Spell of the Highlander
Page 57
The woman glanced up, the hint of a muscle contracting between her brows.
Yes—Cian was close! Improvisably close.
I can do this, I can do this, I know I can, she told herself. She stared down at the floor for a few seconds, steeling her nerve. Then she turned and began walking away from the counter.
Behind her, the woman muttered snidely, “About time. And good riddance to you, you spoiled little—”
The rest of it was muttered too low for Jessi to hear, but she didn’t need to, she’d already picked up on the general gist of it. Oh, you are going to be sooo surprised, she thought just as snidely. She didn’t mind people getting upset with her when she’d done something to deserve it, but she’d not done a thing to earn this woman’s animosity, other than being young and curvy. And she couldn’t help being either of those things. It wasn’t as if either of those things had ever gotten her anywhere in her life. Hard work had. Boobs certainly hadn’t. In fact, were she pushed to divvy up percentages, she’d attribute 90 percent to aggravation and 10 percent to pleasure.
Wiggling her shoulders to make sure her backpack was snug enough, she glanced behind her, assessed the distance to and height of the counter, and took a deep, fortifying breath.
Then she whirled around, took a running leap, and catapulted herself into the air.
She managed to pump up more speed with her short dash than she actually needed, and upon clearing the exterior wall of the counter, she couldn’t check her forward momentum. Skidding pell-mell over the veneered surface on her hands and knees, she crashed to the floor, taking down two mainframes and a stack of manuals with her. She hit the floor so hard it made her teeth clack together.
“Oh!” the woman shrieked. “Out! Out! Out! You are not allowed back here! Only airport employees are permitted behind the desk!”
Jessi didn’t waste breath replying. Scrambling to her feet, she clambered over monitors and manuals, and pushed through the half-opened door. Her heart was pounding and adrenaline was rushing through her veins, making her feel shaky, yet intensely, aggressively focused. It was no wonder some people got addicted to adrenaline rushes.
“I’m calling security!” the woman screeched after her, snatching the phone from the wall.
“You just do that . . .” Jessi dropped her voice, but despite her best efforts, “bitch” didn’t come out quite as sotto voce as she’d intended. Oops. Darn it, now she was going to have to outrun security too!
But the woman’s nastiness worked to her advantage this time. Apparently, Stone-face had been secretly itching to take matters into her own hands and Jessi’s expletive was just enough to push her over the edge.
Slapping the phone back on the wall, Stone-face shot through the door after her. “I don’t need security, I can deal with you myself, you brazen little hussy!” Sharp orange talons closed on the fabric of Jessi’s backpack, yanking her to a halt. “You are not going back there!”
Jessi dug in her heels, scanning the corridor. It was roughly a hundred yards long, with a maze of hallways branching off it, and doors dotting both the left and right sides.
At the far end of the corridor, two tall steel doors gleamed, the kind that looked like they might open onto a warehouse. Near those doors, several carts and a small front-loader waited.
That would be where the mirror was, then, through those double doors.
She needed it.

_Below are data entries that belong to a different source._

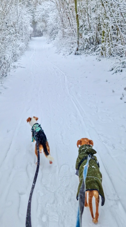 Luna ist das genaue Gegenteil. Ok - bei viel Regen mit Sturm hat sie auch keine Lust. Ansonsten erobert sie sich die Welt, ob Schnee, Kälte, Regen oder Hitze. Nur bitte nichts anziehen. Bei -10 Grad musste sie aber einen Mantel anziehen, da hatte ich sonst ein schlechtes Gewissen. Haben wir ja nur sehr selten.
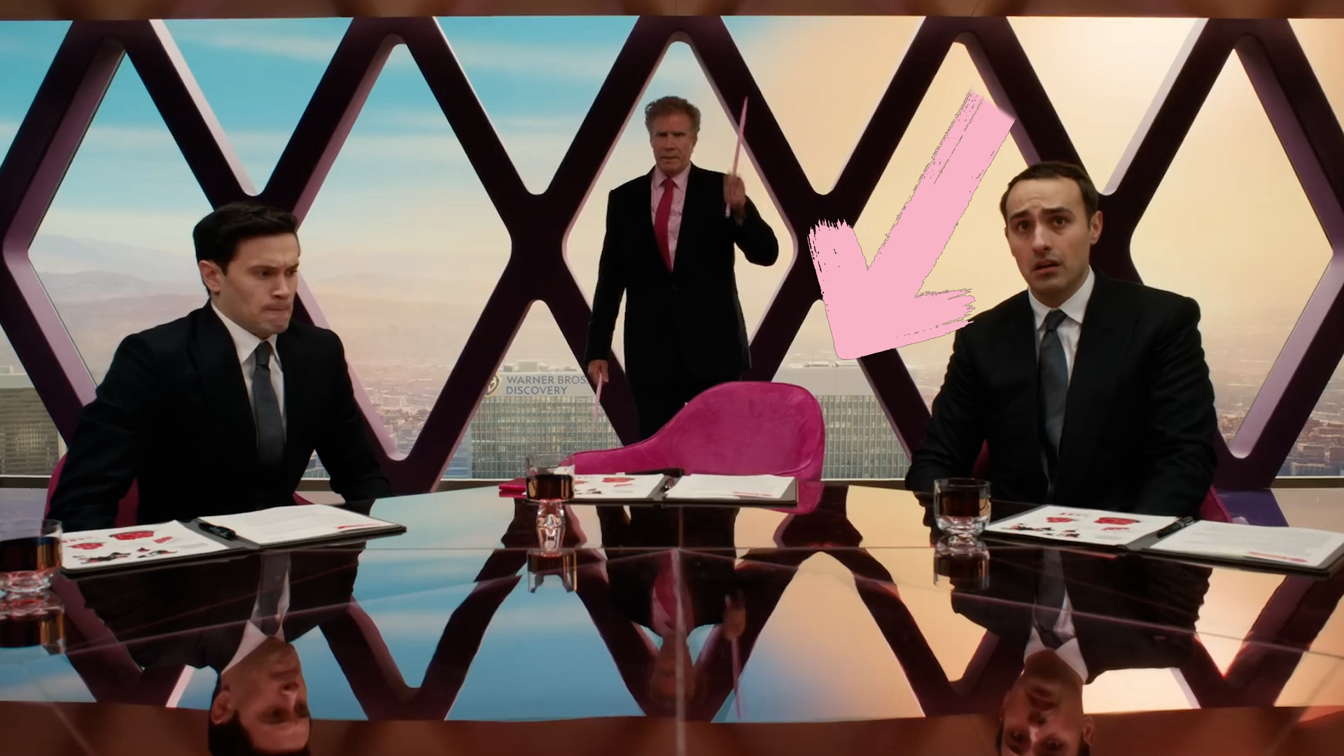 Do you see that big pink arrow? Of course you do. In the actual movie, that building has the GM logo on it. Unfortunately, marketing material does not. I love it, and I need to know how much money General Motors spent on this movie. I cannot imagine it wasn't anything less than A LOT.
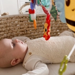 Dank seiner Elastizität lässt er sich leicht am Kinderwagen, Autositz oder Bettchen befestigen.
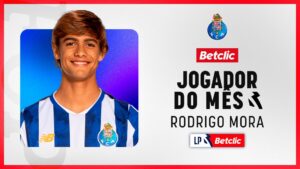 Rodrigo Mora foi eleito o Jogador do Mês da Liga Portugal Betclic em Abril. Com um total de 19,84% dos votos dos treinadores principais da competição, o jovem do FC Porto superou  Viktor Gyökeres (Sporting CP), que obteve a mesma percentagem de votos de Mora (19,84%,) mas registou 385 minutos de utilização, mais 44 do que o médio azul e branco. A completar o pódio surge Vangelis Pavlidis (SL Benfica), que recolheu 15,87% da preferência dos treinadores.
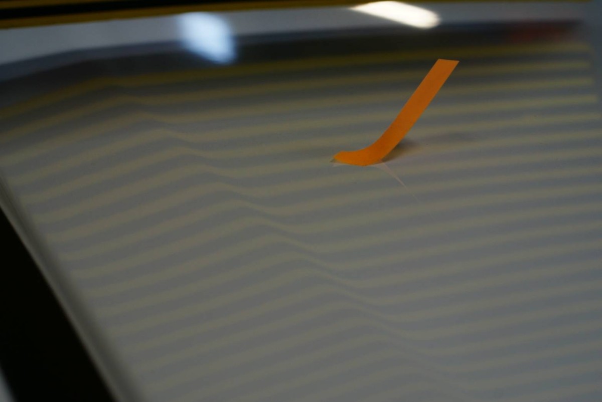 テープが貼ってある箇所にヘコミがあります。ラインボードを映すとこのように見えます。

It was nonnegotiable.
And this red-tape-wielding, small-mean-souled twit clutching a fistful of her backpack was all that was standing between her and the small matter of her continued survival.
Her life depended on that crate.
And there was no other way she could get to it.
She twisted her shoulders, yanking her backpack from the woman’s grasp. When it tumbled down her arm, she caught the straps of it in her hand.
Bracing herself, she gulped yet another fortifying breath. She was going to need this one.
Muttering a silent prayer that it would work and not actually injure the woman beyond a temporary black eye, she swung around and coshed the woman in the side of the head with her thirty-eight-pound-Krispy-Kremes-earning backpack.
Much to her relief—she wasn’t entirely certain about doing it twice, no matter how nasty the witch was—Stone-face’s eyes glazed, she swayed woozily, and sank limply to the floor.
Glancing hastily around, Jessi spied a door labeled “Supplies” down the hall. Grabbing the woman’s feet, she hooked her ankles beneath her armpits and hurriedly slid her down the polished tile floor.
It took her a few moments to wedge her in with all the brooms and mops and cleaning supplies, but she managed it. Closing the door, she examined the handle. There was no way to lock it. That sucked.